Exposure to pH 3 increased expression of a copper-translocating P-type ATPase homologous to LGG_RS08675 by approximately 4-fold in both strains. F0F1-ATPases were not differentially regulated between strains, however a metal transporting ATPase homologous to LGG_RS00670 was up-regulated approximately 1.5-fold in both AMC010 and AMC143 upon acid exposure. Amino acid decarboxylases were not differentially regulated between strains. All treatments induced expression of a gene encoding a small heat shock protein Hsp20 homologous to LGG_RS13420 in both AMC143 and AMC010. Exposure of AMC010 to acid induced expression of an additional uncharacterized Hsp20-like molecular chaperone (LGG_RS03170, 11.3-fold), the padR transcription regulator (LGG_RS03330, 7.5-fold), and two hypothetical proteins (uncharacterized, Lactobacillus-specific LGG_RS11075, 9.2-fold, and fliK-like LGG_RS13395, 6-fold). Conversely, a gene cluster including 5 genes involved in purine biosynthesis (LGG_RS08715, LGG_RS08720, LGG_RS08725, LGG_RS08730, and LGG_RS08735) was inhibited in AMC010 across all conditions.

Exposure to alkaline conditions induced expression of the alkaline-shock protein Asp23/Gls24 family envelope stress response protein homologous to LGG_RS01130 in AMC010 by 2.3-fold. This gene also showed a non-statistically significant 2-fold induction in AMC143. Other alkaline shock proteins homologous to LGG_RS01125 and LGG_RS08100 were induced by at least 2-fold in both strains, while the putative alkaline shock protein homologous to LGG_RS01130 was repressed by approximately 2-fold under the same condition, though p-values for each of these genes fell below the significance cutoffs set for this study. Alkaline stress also induced the lacI transcription regulator (homologous to LGG_RS01785) in both AMC010 (6.1-fold) and AMC143 (12.1-fold), the Hsp20-like molecular chaperone (LGG_RS03170, 19.7-fold in AMC143), which was also induced by exposure to acid in AMC010, and uncharacterized hypothetical proteins homologous to LGG_RS00635 (7-fold) and LGG_RS01080 (5.7-fold) in AMC010. Additionally, exposure to pH 8 resulted in decreased expression of the translation initiation factor IF-3 (LGG_RS08400) and a ribosomal-processing cysteine protease (Prp) homologous to LGG_RS08120, reducing expression levels by 2.6-fold and 4.3-fold respectively in AMC143. Alkaline challenge of AMC010 resulted in reduced expression of the septation inhibitor protein similar to divIC (Bennett et al., 2007) (LGG_RS12050) by 3.7-fold, and minC/ftsL, genes associated with inhibition of cell division (LGG_RS06095 by 2-fold and LGG_RS06140 by −3.5-fold) ABC transport ATP binding protein (LGG_RS09570) by 4.3-fold and a YbjQ_1 domain-containing hypothetical protein homologous to LGG_RS02955 by 42.2-fold. The galactose-6-phosphate isomerase operon (LGG_RS03135, LGG_RS03140, LGG_RS03145, and LGG_RS03150) was specifically up regulated in AMC143 exposed to pH 8, while the Rpml/translation initiation factor gene cluster (LGG_RS08400 and LGG_RS08395) was down regulated in the same strain by approximately 3-fold.

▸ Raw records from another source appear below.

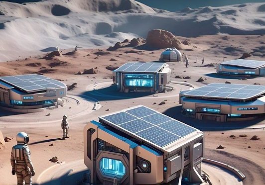 An example of one future possibility is using the Moon as a launchpad to produce solar cells for satellites or space stations. Since launching from the Moon takes far less energy than from Earth, a Moon-based solar factory could support a wider network of off-planet energy production.
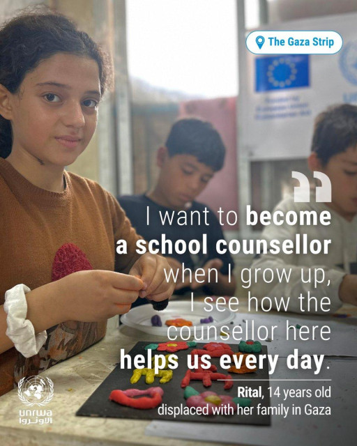 “We draw, we shape the clay, we colour it, we laugh. Those are the best moments of my day,” says 14-year-old Rital, living in an UNRWA school-turned-shelter with her family in #Gaza.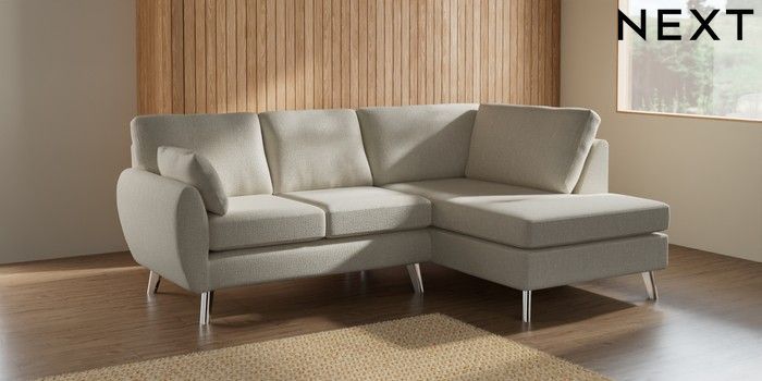 7.2.10 Buy Wilson Medium Corner Chaise - Right Hand Chunky Texture Oyster Metal Tapered - Chrome from the Next UK online shop Click here to use our accessible website
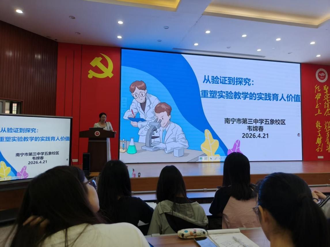 2024级生物科学专业全体学生赴南宁市第三中学五象校区开展教育见习活动。见习活动围绕优质课堂观摩、专题讲座、研讨交流三大模块有序开展,为师范生搭建沉浸式研修学习平台,有效促进教育教学理论与课堂实践深度融合。

Exposure to bile resulted in the differential expression of 52 genes in AMC143 and 111 genes in AMC010 with considerable overlap with alkaline treatment. Although the bsh gene has been shown to be induced by exposure to bile in Lactobacillus (Koskenniemi et al., 2011), in our study, bsh (similar to LGG_RS02395) showed a non-statistically significant (p = 0.2) 1.2-fold induction in AMC010 while AMC143 showed a marginal repression. The genes more impacted by bile exposure in AMC143 were a HU-family transcription regulator homologous to LGG_RS06660 (induced 2-fold), a septation inhibitor protein (LGG_RS12050), which was down regulated 9-fold, the glutamine ABC transport system operon composed of genes homologus to LGG_RS13875, LGG_RS13880, and LGG_RS13885, which were down regulated 2-fold, and hypothetical proteins homologous to LGG_RS01070, LGG_RS09500, and LGG_RS00415, down regulated 2.8-, 4-, and 13.9-fold respectively.

Exposure of AMC010 to Oxgall resulted in a 2.8-fold induction of a 2CRS response regulator (RR), dcuR (homologous to LGG_RS13770), similar to the RR involved in regulation of the anaerobic fumarate respiratory system in E. coli (Janausch et al., 2004), as well as a 5.3-fold induction of a major facilitator superfamily (MFS) transporter permease (LGG_RS00320) and 4.3-fold induction of the Hsp20-like molecular chaperone (LGG_RS03170). Conversely, a septation inhibitor protein (LGG_RS12050), prsA similar to LGG_RS10900, a molecular chaperone potentially involved in a late stage of protein export (Jakob et al., 2015; Jousselin et al., 2015), the NrdH-redoxin (LGG_RS07055), uracil transport (LGG_RS06995, LGG_RS07000, and LGG_RS07005) and peptide ABC transport system operon (LGG_RS07940, LGG_RS07945, LGG_RS07950, LGG_RS07955, and LGG_RS07960 were down regulated in AMC010 exposed to bile.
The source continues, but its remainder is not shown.